We can use the fact that

$$ \int_{0}^{1} \frac{x^{a}}{\sqrt{1-x^{2}}} \ dx = \frac{1}{2} \int_{0}^{1} u^{a/2+1/2-1} (1-u)^{1/2-1} \ du = \frac{1}{2} B \left( \frac{1}{2}, \frac{a}{2}+ \frac{1}{2} \right)$$

along with properties of the beta function (entries 23-26) to evaluate the first three integrals on the right side of the equation.

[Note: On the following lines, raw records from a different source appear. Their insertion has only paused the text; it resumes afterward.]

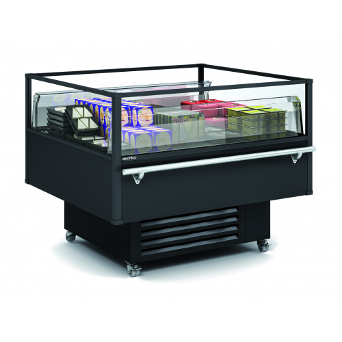 Vitrine/Ilot libre-service – Extérieur en acier plastifié - Intérieur en tôle d'acier finition époxy blanc, noir ou inox – Châssis en acier époxy -Double virage sécurisé – Isolation en polyuréthane injecté, densité 40kgs/m3, aucun effet ODP, GWP – Condensation ventilée – Evaporation automatique des eaux de dégivrage – Contrôle électronique de la température – Température -1°/+5° (classe 3 régime M1) - Gaz R290
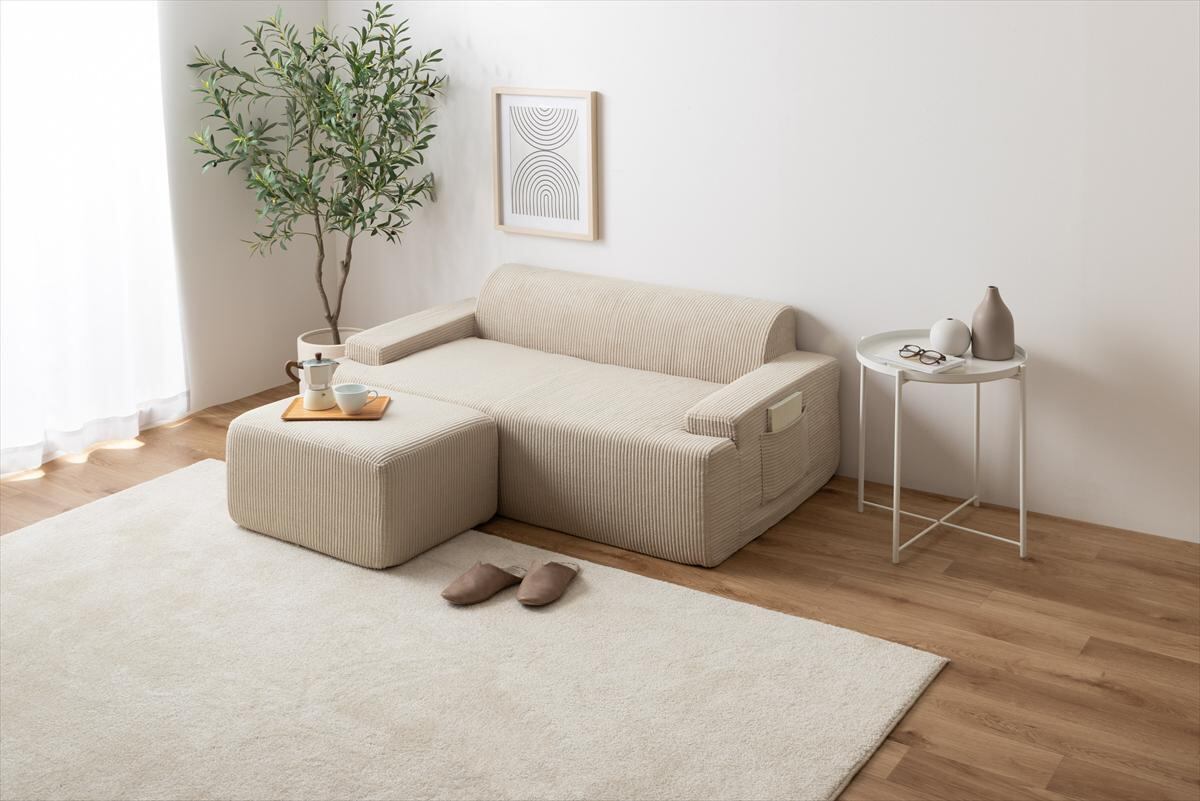 小さく届いて広々使える、快適圧縮シリーズの2人掛けソファ+オットマンセット
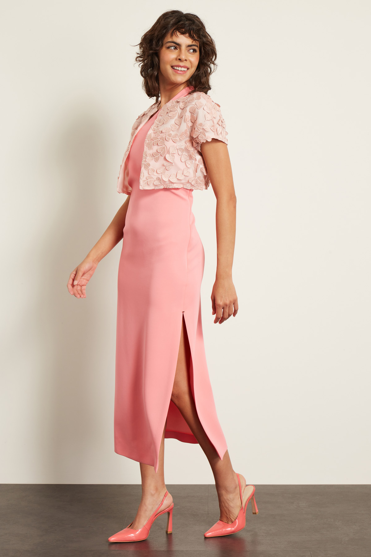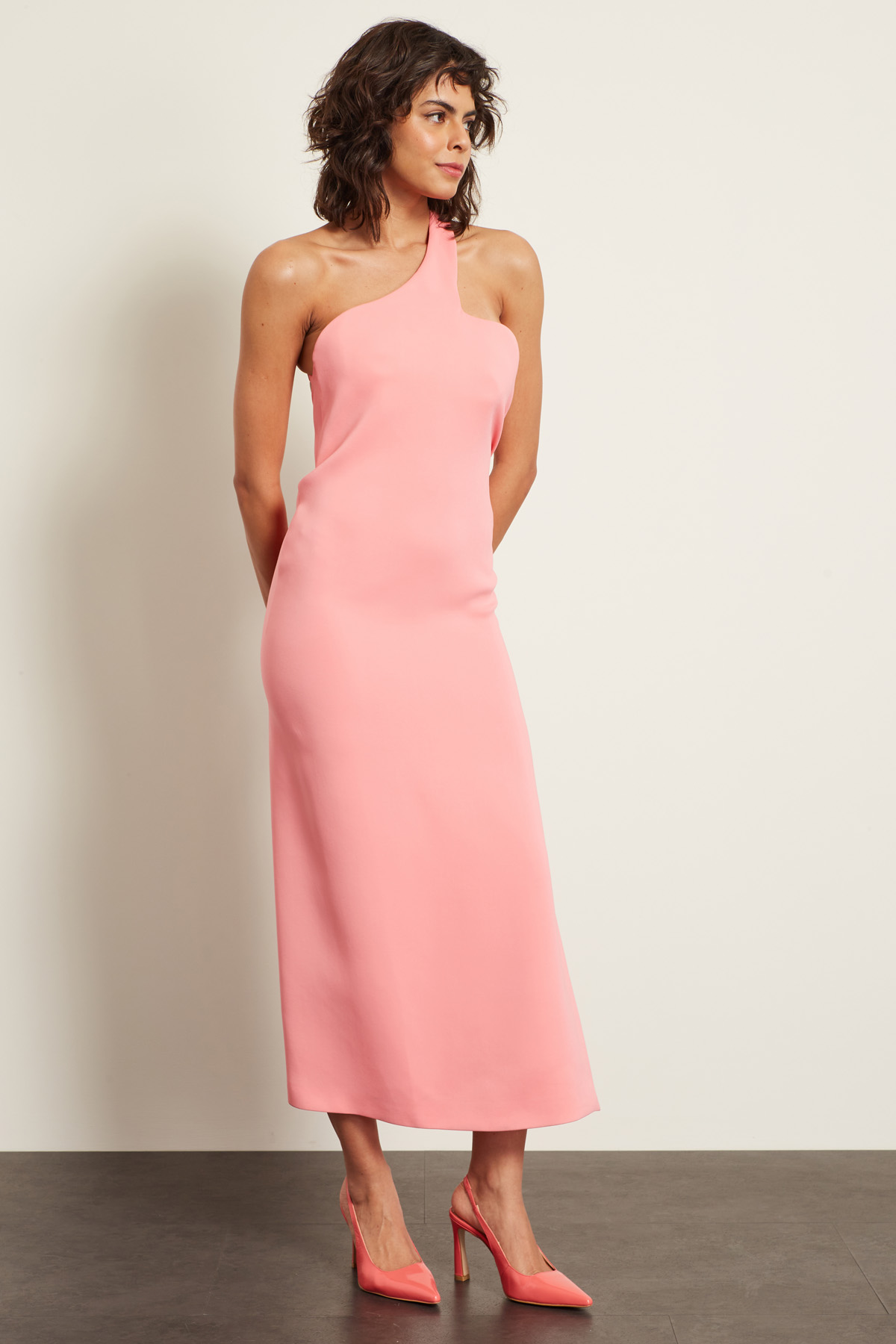 Abito longuette dalla linea dritta realizzato in viscosa stretch, con scollo monospalla asimmetrico e spacco laterale. Il fit è aderente, con parte più morbida all'altezza della vita. Chisura tramite lampo invisibile sul fianco.
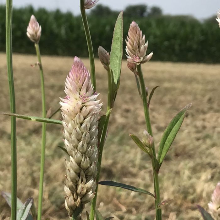 Wilde Form des Ährenamaranths, auch Hahnenkamm genannt. Zahlreiche elfenbeinweiße Blütenähren mit einem Hauch rosa sitzen an langen Stielen. Als Schnittblume oder zum Trocknen geeignet. Bis zu 40cm hoch. Voranzucht: IV-V oder Direktsaat ab Mai. 10X30cm.
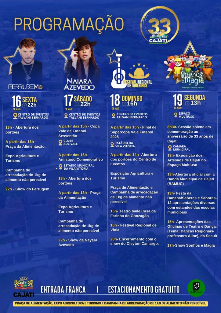 Segue a Programação de Aniversário de Emancipação política Administrativa do Município de Cajati

$$ \begin{align} \int_{0}^{1} \frac{\log^{2}(x)}{\sqrt{1-x^{2}}} \, dx &= \frac{d^{2}}{da^{2}} \frac{1}{2} B \left( \frac{1}{2}, \frac{a}{2}+ \frac{1}{2} \right) \Bigg|_{a=0} \\ &= \frac{1}{8} B \left( \frac{1}{2}, \frac{1}{2} \right) \left[ \left( \psi \left(\frac{1}{2} \right) - \psi(1) \right)^{2} + \psi_{1}\left(\frac{1}{2}\right) - \psi_{1}(1) \right] \\ &= \frac{\pi^{3}}{24} + \frac{\pi \log^{2} 4}{8} \end{align}$$

$$ \begin{align} \int_{0}^{1} \frac{\log x}{\sqrt{1-x^{2}}} \, dx &= \frac{d}{da} \frac{1}{2} B \left( \frac{1}{2}, \frac{a}{2}+ \frac{1}{2} \right) \Bigg|_{a=0} \\ &= \frac{1}{4} B \left( \frac{1}{2}, \frac{1}{2} \right) \left( \psi\left(\frac{1}{2}\right) - \psi(1) \right) \\ &= - \frac{\pi \log 2}{2} \end{align}$$

$$ \begin{align} \int_{0}^{1} \frac{x \log x}{\sqrt{1-x^{2}}} \, dx &= \frac{d}{da} \frac{1}{2} B \left( \frac{1}{2}, \frac{a}{2}+ \frac{1}{2} \right) \Bigg|_{a=1} \\ &= \frac{1}{4} B \left( \frac{1}{2}, 1 \right) \left( \psi(1) - \psi\left(\frac{3}{2}\right) \right) \\ &= \log 2 -1 \end{align}$$

Therefore,

$$ \int_{0}^{\pi} t^{2} \sqrt{\tan t/2} \ e^{it} \ dt = e^{i \pi /4} \left( -\frac{i \pi^{3}}{12} - \frac{i\pi \log^{2} 4}{4} - \pi^{2} \log 2 + 2 \pi \log 2 - 2 \pi + \frac{i\pi^{3}}{2} +i \pi^{2} \right)$$

Now just make the substitution $u = \frac{t}{2}$, and then equate the imaginary parts on both sides of the equation.